News about technology now impacts people far beyond its original intent. And as we watch device after device and technology after technology cross the magical 50% threshold in terms of consumer adoption, it’s crystal clear that the demand for this kind of news and information is headed up, up, up. Do I buy from Apple or Microsoft? Is the iPad worth Apple’s restrictions? And what about my smartphone? What to believe, is the issue, and, even more importantly, who to believe.

Technology is a beat that moves with the speed of light, leaving magazines that used to own the niche struggling in the collective dust of online organizations that are nimble, fleet-of-foot, flexible and adaptive. Even its TV commercials emphasize the point that today’s state-of-the-art is tomorrow’s relic. And then there’s the money involved. Telecoms spend a fortune trying to hook customers into this contract or that one, because so much is at stake. Cable and satellite TV companies are on edge, as TV is now delivered “over the top” (OTT) directly to consumers. News is available at the fingertips of anybody, and traditional media companies are on the wrong end of innovation.

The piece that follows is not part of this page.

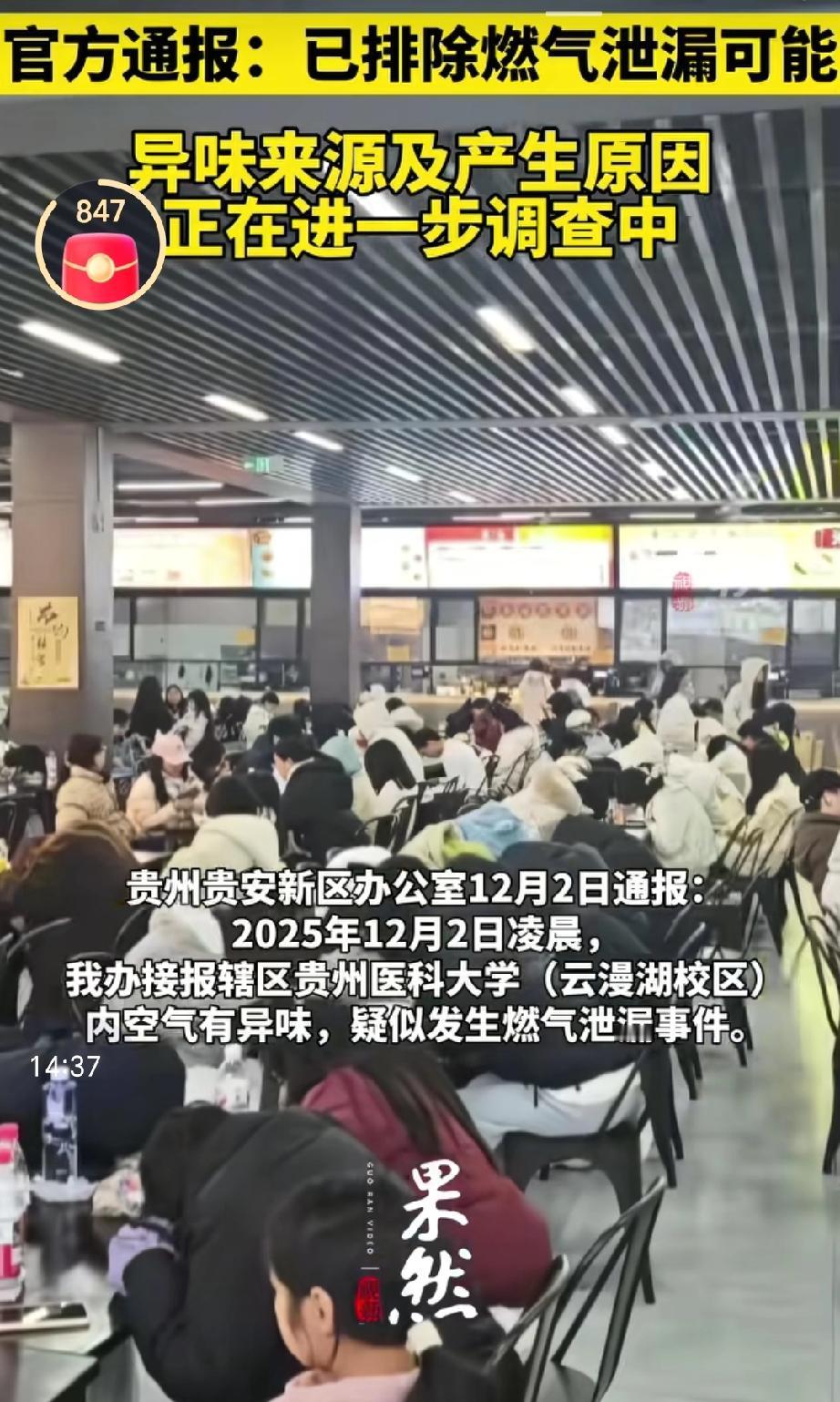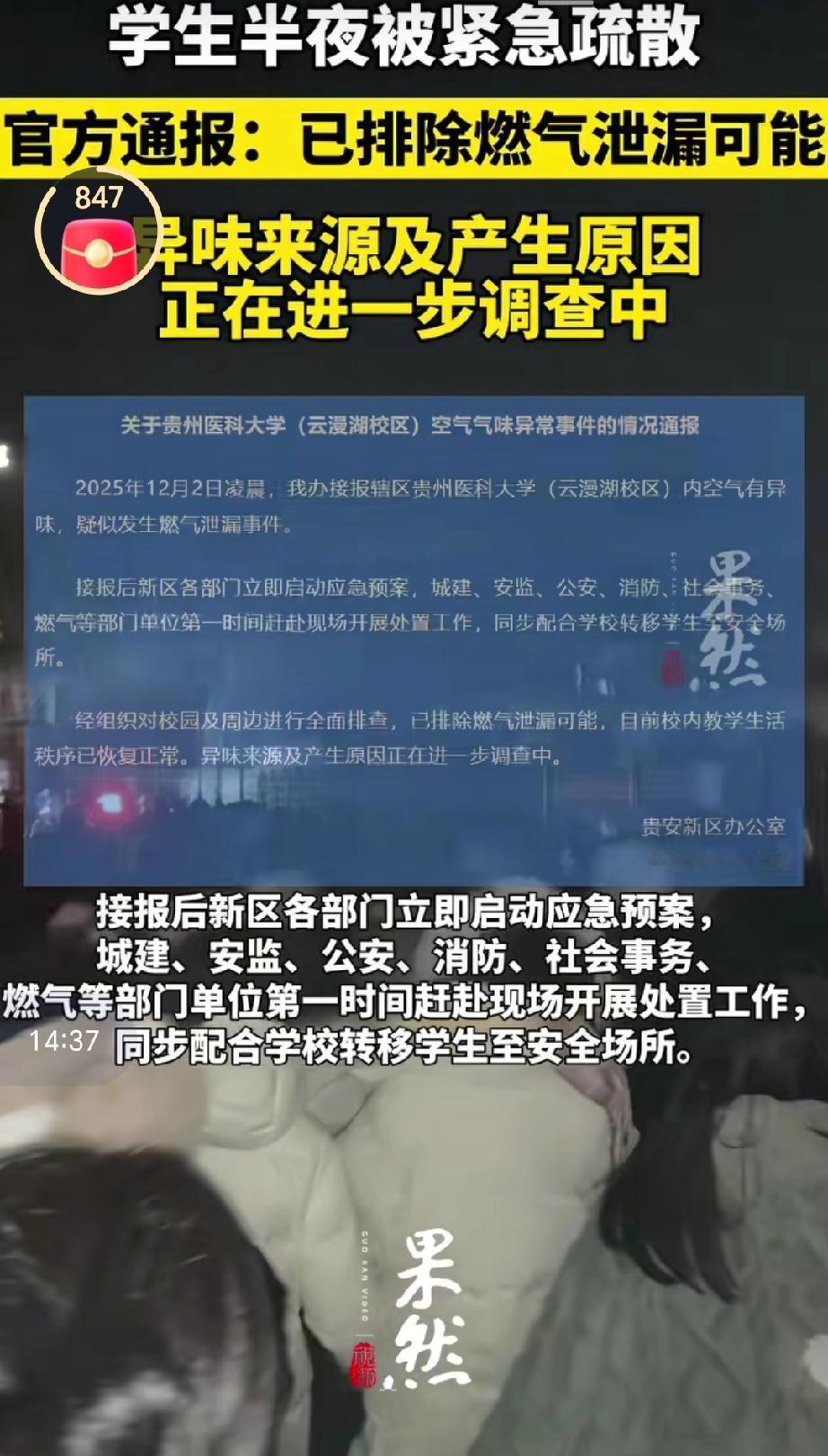 贵州医科大学(云漫湖校区)2025年12月2日凌晨因空气有异味,学生被紧急疏散。官方通报称,已排除燃气泄漏可能,目前校内教学生活秩序已恢复正常,异味来源及产生原因正在进一步调查中。事件发生后,贵安新区城建、安监、公安、消防等多部门第一时间赶赴现场处置,配合学校将学生转移至安全场所,并对校园及周边进行了全面排查。(来源于@齐鲁晚报·果然视频)

This has all led to what I view as an industrywide ignorance about what’s taking place, and this is fatal in terms of delivering news and information that’s relevant to people. What’s relevant? Technology! And yet, we don’t consider it to be our task. This has to stop, because there really is a lot at stake for readers and viewers and potential readers and viewers in this arena.

What kinds of HDTVs, for example, do TV station engineers use and why? Don’t you think that knowledge might be something that those shopping for HDTVs might want to know? What about cameras, etc? My colleague, Ken Elmore, produces a weekly segment for our newsletter called “Tools of the Trade,” and every week I say to myself, you know, everyday people would be interested in this, too.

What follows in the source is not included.